En plus du magasin physique, El Market est aussi un site internet où il est possible d’acheter en clic and collect ou de se faire livrer. Pour la livraison, ce sont des cartons soit recyclés soit ayant déjà servi (venant des fournisseurs par exemple) qui sont à nouveau utilisés. La livraison peut s’effectuer à vélo le samedi après-midi pour les Lillois. Un magasin écolo jusqu’au bout.
L'éco-responsabilité, un concept en pleine expansion
À sa création, la recherche de partenariat est complexe. En 2005, le couple se consacre aux produits durables, le magasin commence alors des partenariats dans le monde entier : Brésil, Chine, Inde…
Chaque produit doit respecter la charte éthique fixée par le couple, il doit être écologique mais respecter aussi la condition humaine (pas de travail des enfants par exemple). Petit à petit, le magasin se développe en agrandissant les gammes zéro déchet, végan ou encore locales. Ce développement a pu s’effectuer grâce à l’expansion de la pensée écologique dans le monde et donc à l’augmentation des fournisseurs possibles.
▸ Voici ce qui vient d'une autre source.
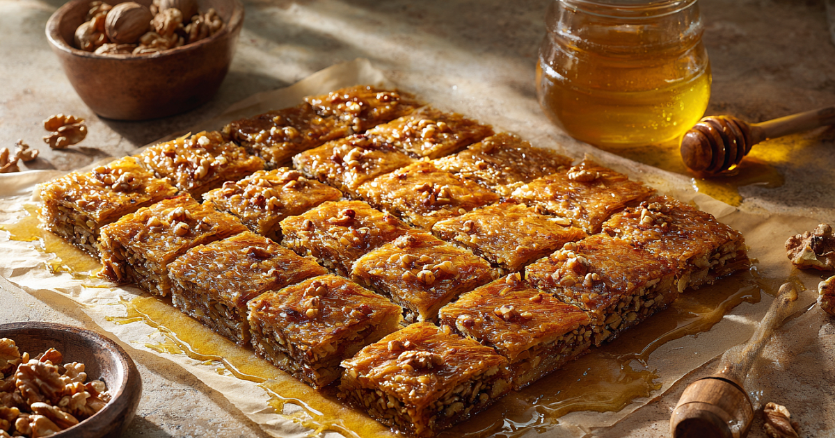 Тесто на кефире с газировкой, тонкие пласты на крахмале, ореховая начинка – шедевр к праздничному столу.
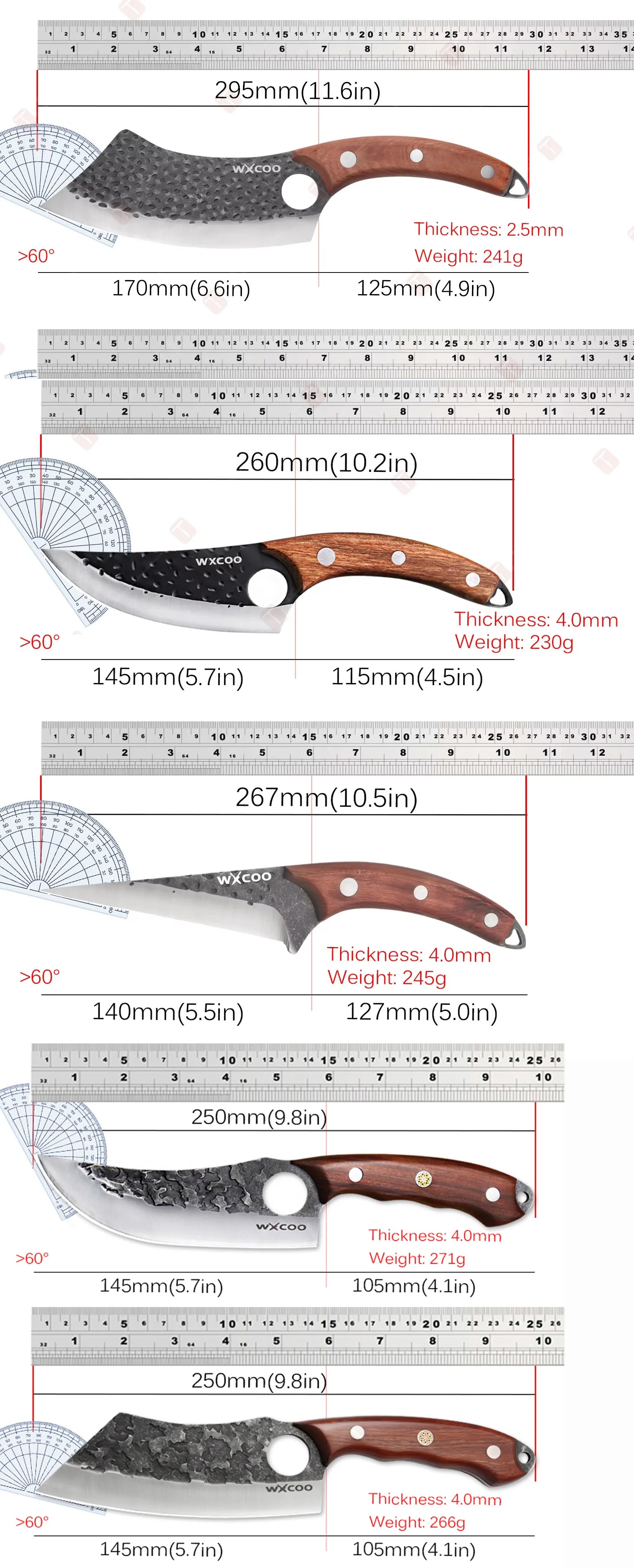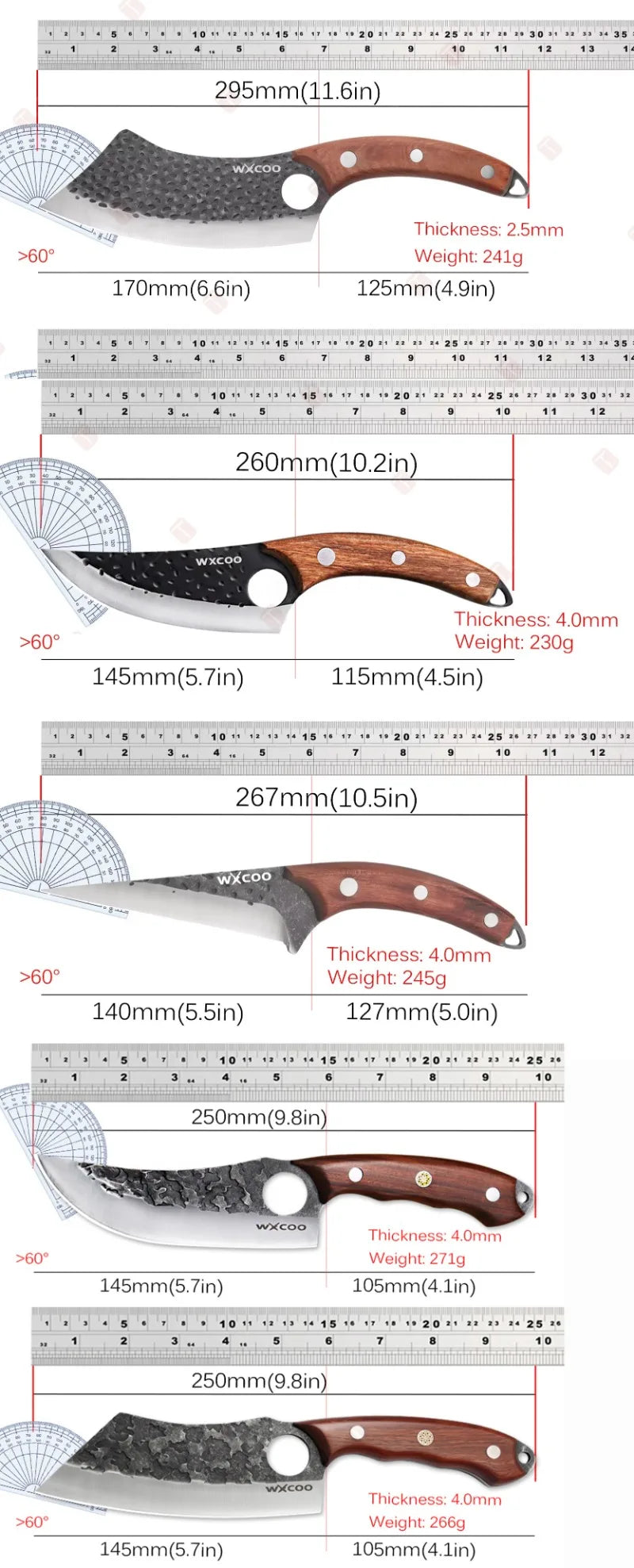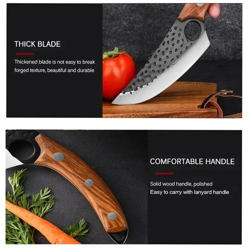 Cook with confidence using the WXCOO professional hand-forged kitchen knife. Built for strength, sharpness, and comfort, this versatile chef knife is ideal for BBQ cooking, meat cleaving, boning, and everyday kitchen prep.

Pour Pierre, « le client choisi en premier en fonction de l’esthétique, donc le produit doit être d’abord beau, sinon il ne reviendra pas ou juste pour acheter un cadeau à Noël ». Pour fidéliser la clientèle, le couple est obligé de se concentrer sur l’aspect du produit. Mais pour eux le plus important reste toujours son éthique. « Quand un fournisseur nous envoie un produit on regarde d’abord l’éthique avant de regarder l’esthétique », avoue le créateur.
Maïlys David
Wazemmes, le quartier éco-responsable de Lille
EDITO : Consommer éco-responsable ? Pas pour tout le monde !
Recyclage, éco-responsabilité, éthique, bio ! Tous ces mots inondent notre quotidien et modifient nos pratiques de consommation. Alors être responsable, oui, mais pour qui ?
A Lille, El Market et encore beaucoup d’autres offrent, certes, une gamme très large de produits respectant les normes environnementales mais il y a un hic : leur prix. D’après une étude réalisée par Linéaires portant sur 218 catégories de produits issus de l’agriculture conventionnelle, leur équivalent bio serait en moyenne 75% plus cher, en super ou hypermarchés.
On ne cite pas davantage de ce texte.